* **THE PROBLEM**:
Filtering the records below, copy only those lines that include the word "commissies".

* **AVAILABLE DATA**:
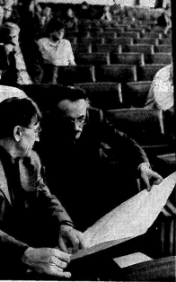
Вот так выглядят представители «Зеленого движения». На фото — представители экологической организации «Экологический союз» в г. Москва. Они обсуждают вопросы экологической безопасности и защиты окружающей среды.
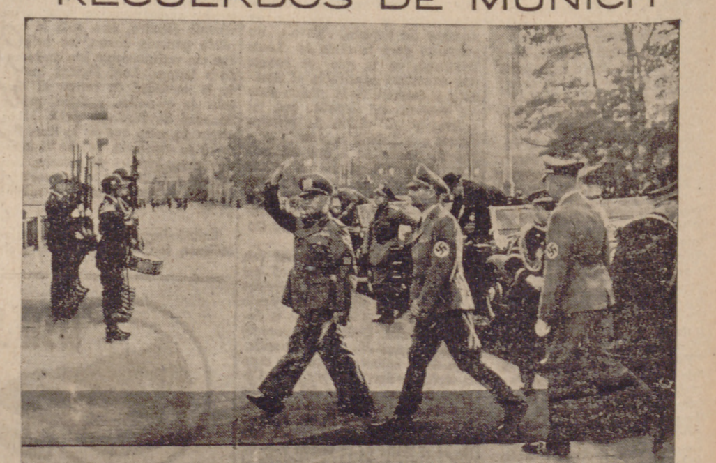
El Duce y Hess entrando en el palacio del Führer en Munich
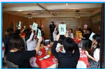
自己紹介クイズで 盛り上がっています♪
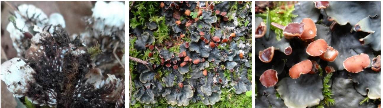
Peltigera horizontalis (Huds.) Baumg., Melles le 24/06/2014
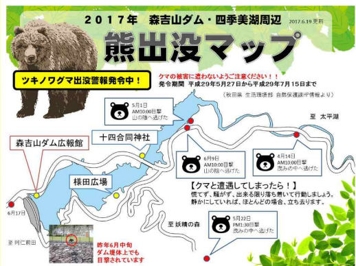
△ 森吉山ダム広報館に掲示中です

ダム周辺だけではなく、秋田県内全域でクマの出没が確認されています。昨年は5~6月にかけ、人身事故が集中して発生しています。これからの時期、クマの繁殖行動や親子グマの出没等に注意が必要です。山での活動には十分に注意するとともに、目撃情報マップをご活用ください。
---
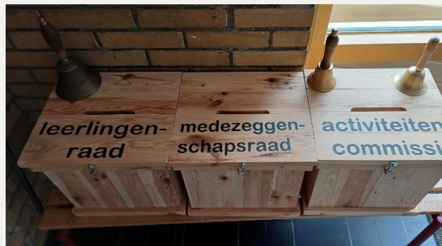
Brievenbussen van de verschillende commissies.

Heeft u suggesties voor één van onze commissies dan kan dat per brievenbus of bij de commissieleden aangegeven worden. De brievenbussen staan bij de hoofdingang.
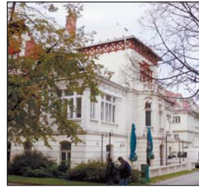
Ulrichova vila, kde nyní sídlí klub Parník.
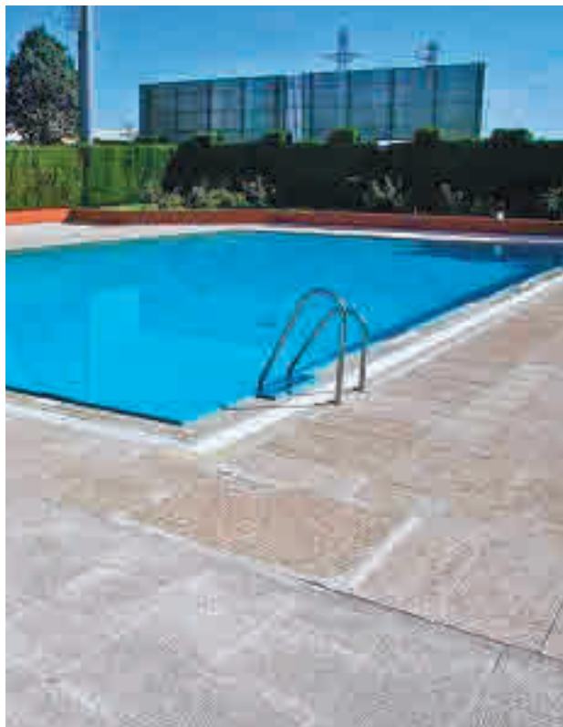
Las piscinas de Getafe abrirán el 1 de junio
* * *
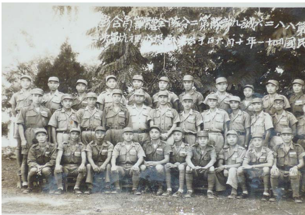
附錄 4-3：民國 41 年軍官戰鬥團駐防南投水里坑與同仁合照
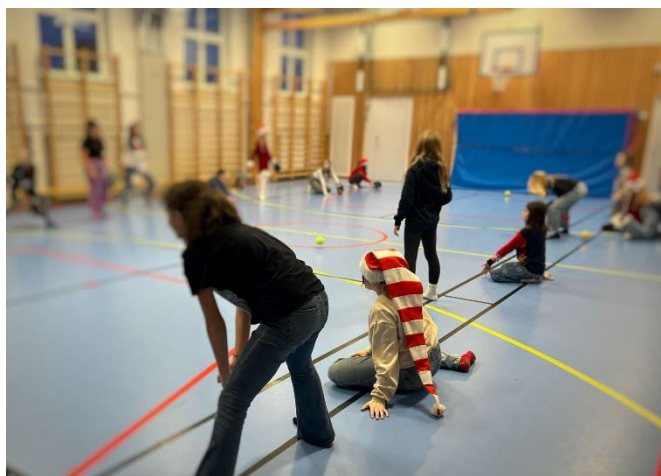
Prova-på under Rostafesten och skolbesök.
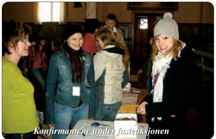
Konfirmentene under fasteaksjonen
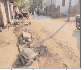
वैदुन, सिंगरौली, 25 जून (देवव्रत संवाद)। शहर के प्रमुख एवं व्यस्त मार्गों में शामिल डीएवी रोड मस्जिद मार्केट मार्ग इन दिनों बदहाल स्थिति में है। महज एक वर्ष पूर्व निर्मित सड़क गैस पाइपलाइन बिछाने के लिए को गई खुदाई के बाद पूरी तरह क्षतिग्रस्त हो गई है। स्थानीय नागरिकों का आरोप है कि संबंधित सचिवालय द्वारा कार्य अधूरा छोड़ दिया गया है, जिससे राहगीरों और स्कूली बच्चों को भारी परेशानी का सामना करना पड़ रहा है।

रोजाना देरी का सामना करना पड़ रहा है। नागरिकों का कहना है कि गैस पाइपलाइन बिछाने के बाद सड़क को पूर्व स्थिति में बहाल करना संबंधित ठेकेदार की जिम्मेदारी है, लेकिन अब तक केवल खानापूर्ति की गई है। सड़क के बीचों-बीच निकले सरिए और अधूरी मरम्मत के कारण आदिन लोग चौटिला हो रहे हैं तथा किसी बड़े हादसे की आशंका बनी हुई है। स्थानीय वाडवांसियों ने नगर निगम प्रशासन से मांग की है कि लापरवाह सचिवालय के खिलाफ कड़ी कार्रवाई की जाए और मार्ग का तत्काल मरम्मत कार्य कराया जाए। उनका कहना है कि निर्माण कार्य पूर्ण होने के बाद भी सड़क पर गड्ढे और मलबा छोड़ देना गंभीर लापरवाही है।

* **TASK RESULT**:
Brievenbussen van de verschillende commissies.
Heeft u suggesties voor één van onze commissies dan kan dat per brievenbus of bij de commissieleden aangegeven worden. De brievenbussen staan bij de hoofdingang.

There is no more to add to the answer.